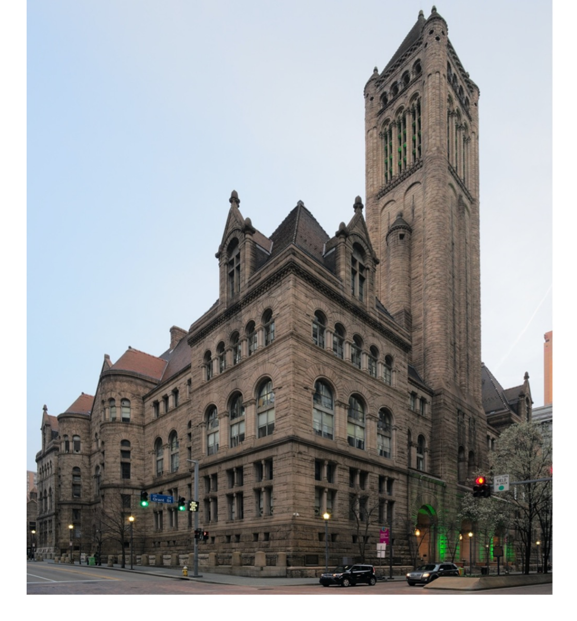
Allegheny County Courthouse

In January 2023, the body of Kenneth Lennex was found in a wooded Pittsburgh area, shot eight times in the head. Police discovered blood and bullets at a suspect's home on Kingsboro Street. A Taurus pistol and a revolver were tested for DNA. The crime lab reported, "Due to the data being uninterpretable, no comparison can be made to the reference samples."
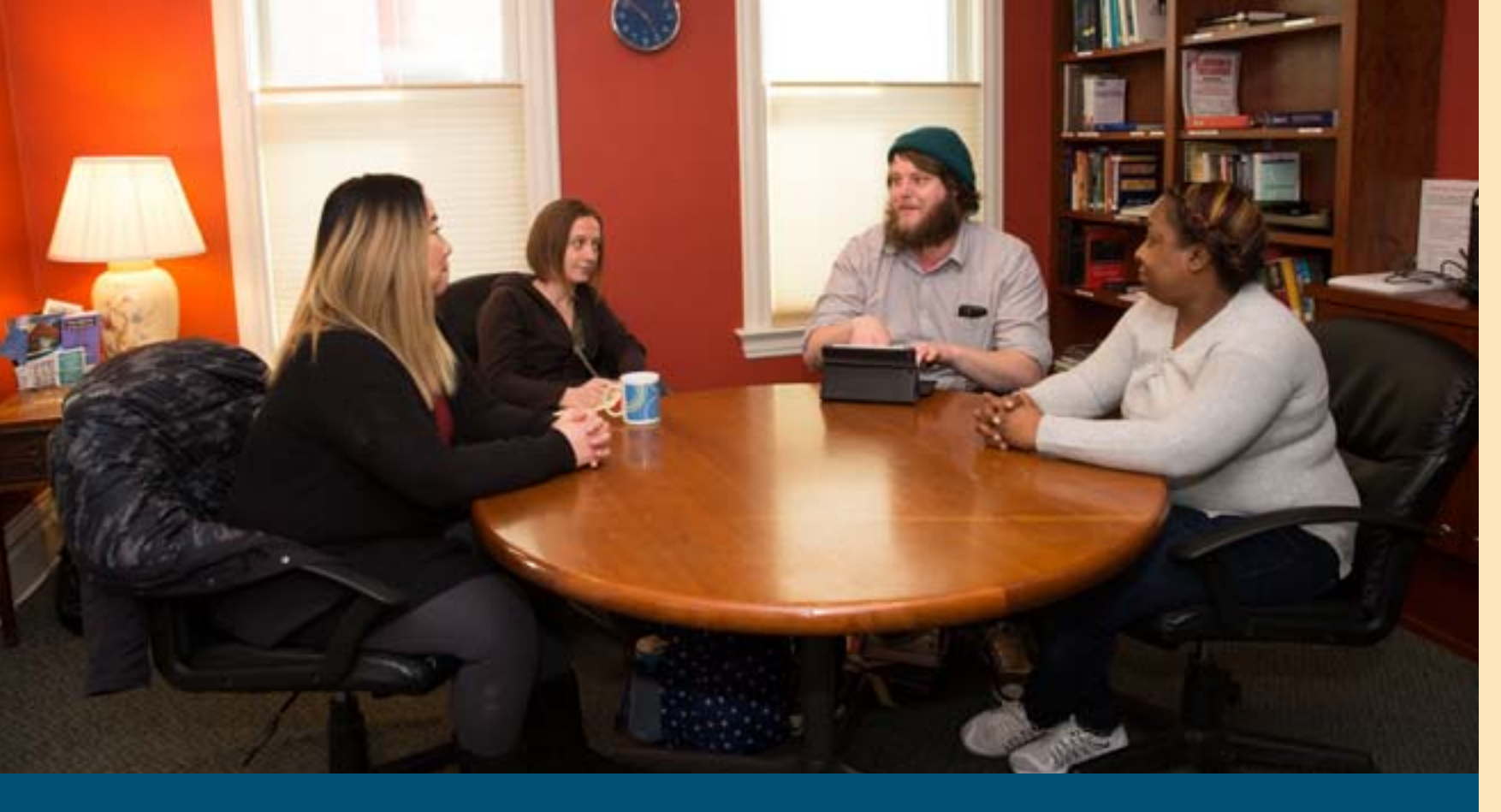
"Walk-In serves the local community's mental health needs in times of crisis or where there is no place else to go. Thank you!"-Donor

...

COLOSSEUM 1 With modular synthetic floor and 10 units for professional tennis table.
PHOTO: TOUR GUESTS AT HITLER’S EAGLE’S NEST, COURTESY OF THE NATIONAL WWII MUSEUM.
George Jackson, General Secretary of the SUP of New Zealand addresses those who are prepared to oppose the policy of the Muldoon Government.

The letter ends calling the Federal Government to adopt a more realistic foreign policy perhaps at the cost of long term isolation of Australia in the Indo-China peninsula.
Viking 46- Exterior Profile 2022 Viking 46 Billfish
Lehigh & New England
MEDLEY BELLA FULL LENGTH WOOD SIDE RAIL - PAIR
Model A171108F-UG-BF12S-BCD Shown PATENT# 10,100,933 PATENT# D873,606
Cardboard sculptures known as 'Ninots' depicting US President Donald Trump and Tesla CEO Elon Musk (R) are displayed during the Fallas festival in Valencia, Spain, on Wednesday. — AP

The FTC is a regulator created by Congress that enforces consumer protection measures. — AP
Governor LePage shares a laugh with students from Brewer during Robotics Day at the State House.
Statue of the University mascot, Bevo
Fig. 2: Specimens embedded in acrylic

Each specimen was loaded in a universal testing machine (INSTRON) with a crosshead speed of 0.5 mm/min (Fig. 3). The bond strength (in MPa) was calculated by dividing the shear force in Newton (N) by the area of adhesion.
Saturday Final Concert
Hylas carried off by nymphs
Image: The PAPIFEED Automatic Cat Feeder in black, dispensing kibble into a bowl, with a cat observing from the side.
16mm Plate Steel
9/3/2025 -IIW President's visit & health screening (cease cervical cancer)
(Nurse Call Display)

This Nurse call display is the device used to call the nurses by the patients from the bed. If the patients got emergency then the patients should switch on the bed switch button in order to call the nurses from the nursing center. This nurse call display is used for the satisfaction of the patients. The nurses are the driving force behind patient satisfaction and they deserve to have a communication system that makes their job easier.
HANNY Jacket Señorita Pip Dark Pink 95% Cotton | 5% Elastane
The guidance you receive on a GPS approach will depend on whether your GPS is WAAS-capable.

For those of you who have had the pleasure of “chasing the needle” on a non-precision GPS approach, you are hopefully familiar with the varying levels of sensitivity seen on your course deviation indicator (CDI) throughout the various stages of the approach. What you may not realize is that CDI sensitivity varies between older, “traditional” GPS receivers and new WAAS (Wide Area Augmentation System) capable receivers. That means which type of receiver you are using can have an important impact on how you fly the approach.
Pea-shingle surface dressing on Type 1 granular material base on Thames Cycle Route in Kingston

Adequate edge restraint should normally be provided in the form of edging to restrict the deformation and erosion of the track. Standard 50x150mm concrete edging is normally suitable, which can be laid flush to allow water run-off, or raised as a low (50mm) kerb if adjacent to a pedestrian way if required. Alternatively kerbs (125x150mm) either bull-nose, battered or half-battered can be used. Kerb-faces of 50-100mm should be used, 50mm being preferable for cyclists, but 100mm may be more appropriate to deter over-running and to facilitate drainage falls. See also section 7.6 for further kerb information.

- ASSIGNMENT: Above are the records. Identify each line that contains the word "Nurse".

- ANSWER TO THE EXERCISE:
(Nurse Call Display)
This Nurse call display is the device used to call the nurses by the patients from the bed. If the patients got emergency then the patients should switch on the bed switch button in order to call the nurses from the nursing center. This nurse call display is used for the satisfaction of the patients. The nurses are the driving force behind patient satisfaction and they deserve to have a communication system that makes their job easier.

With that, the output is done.